The task
Within the listing below, give again exactly the lines between the one containing "找家纺 (总)益利多 2025新款全棉碎花纯棉卡通夹棉床裙单床裙三件套,薄荷微风,初野,欢乐派,简逸,橘络,清风佳人,繁花似锦" and the one containing "Zittende vrouw tegen een boom", inclusive, pictures left aside.

The input
◇ ◇ ◇ ◇ ◇

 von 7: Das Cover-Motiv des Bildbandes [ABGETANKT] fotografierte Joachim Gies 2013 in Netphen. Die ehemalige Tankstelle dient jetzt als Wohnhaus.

◇ ◇ ◇ ◇ ◇

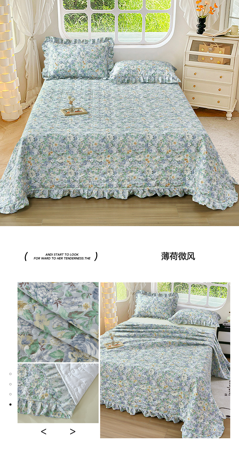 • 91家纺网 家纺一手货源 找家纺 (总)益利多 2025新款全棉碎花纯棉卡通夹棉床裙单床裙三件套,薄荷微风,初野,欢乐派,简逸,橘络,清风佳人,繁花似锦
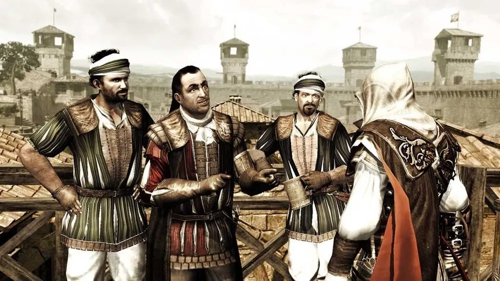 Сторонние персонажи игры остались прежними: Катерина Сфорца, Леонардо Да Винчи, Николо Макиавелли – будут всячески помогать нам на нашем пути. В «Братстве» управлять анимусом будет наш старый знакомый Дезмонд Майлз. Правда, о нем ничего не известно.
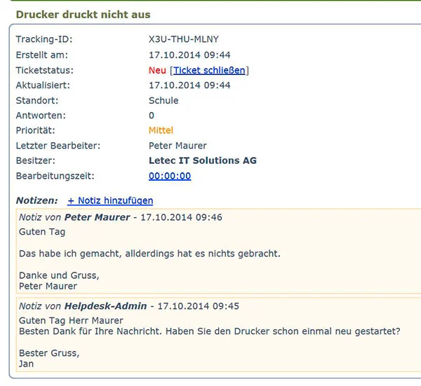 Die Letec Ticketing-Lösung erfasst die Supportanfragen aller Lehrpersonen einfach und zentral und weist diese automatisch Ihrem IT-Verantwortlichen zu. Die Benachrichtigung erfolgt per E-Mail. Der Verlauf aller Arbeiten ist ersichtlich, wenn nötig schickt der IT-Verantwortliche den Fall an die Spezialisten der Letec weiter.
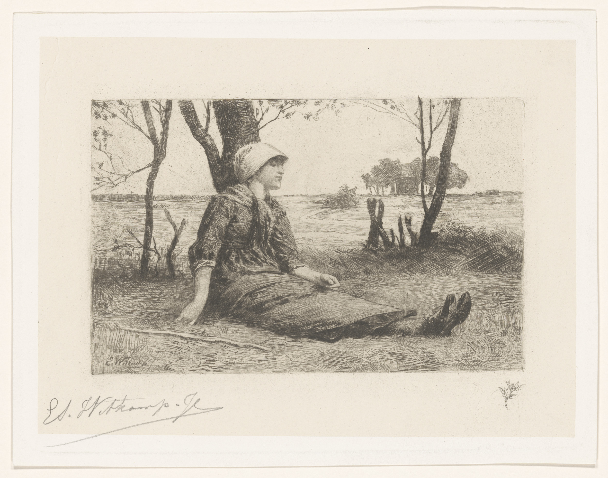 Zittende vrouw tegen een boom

◇ ◇ ◇ ◇ ◇

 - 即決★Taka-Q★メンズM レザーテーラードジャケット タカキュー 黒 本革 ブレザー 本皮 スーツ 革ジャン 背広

◇ ◇ ◇ ◇ ◇

Response
 • 91家纺网 家纺一手货源 找家纺 (总)益利多 2025新款全棉碎花纯棉卡通夹棉床裙单床裙三件套,薄荷微风,初野,欢乐派,简逸,橘络,清风佳人,繁花似锦
 Сторонние персонажи игры остались прежними: Катерина Сфорца, Леонардо Да Винчи, Николо Макиавелли – будут всячески помогать нам на нашем пути. В «Братстве» управлять анимусом будет наш старый знакомый Дезмонд Майлз. Правда, о нем ничего не известно.
 Die Letec Ticketing-Lösung erfasst die Supportanfragen aller Lehrpersonen einfach und zentral und weist diese automatisch Ihrem IT-Verantwortlichen zu. Die Benachrichtigung erfolgt per E-Mail. Der Verlauf aller Arbeiten ist ersichtlich, wenn nötig schickt der IT-Verantwortliche den Fall an die Spezialisten der Letec weiter.
 Zittende vrouw tegen een boom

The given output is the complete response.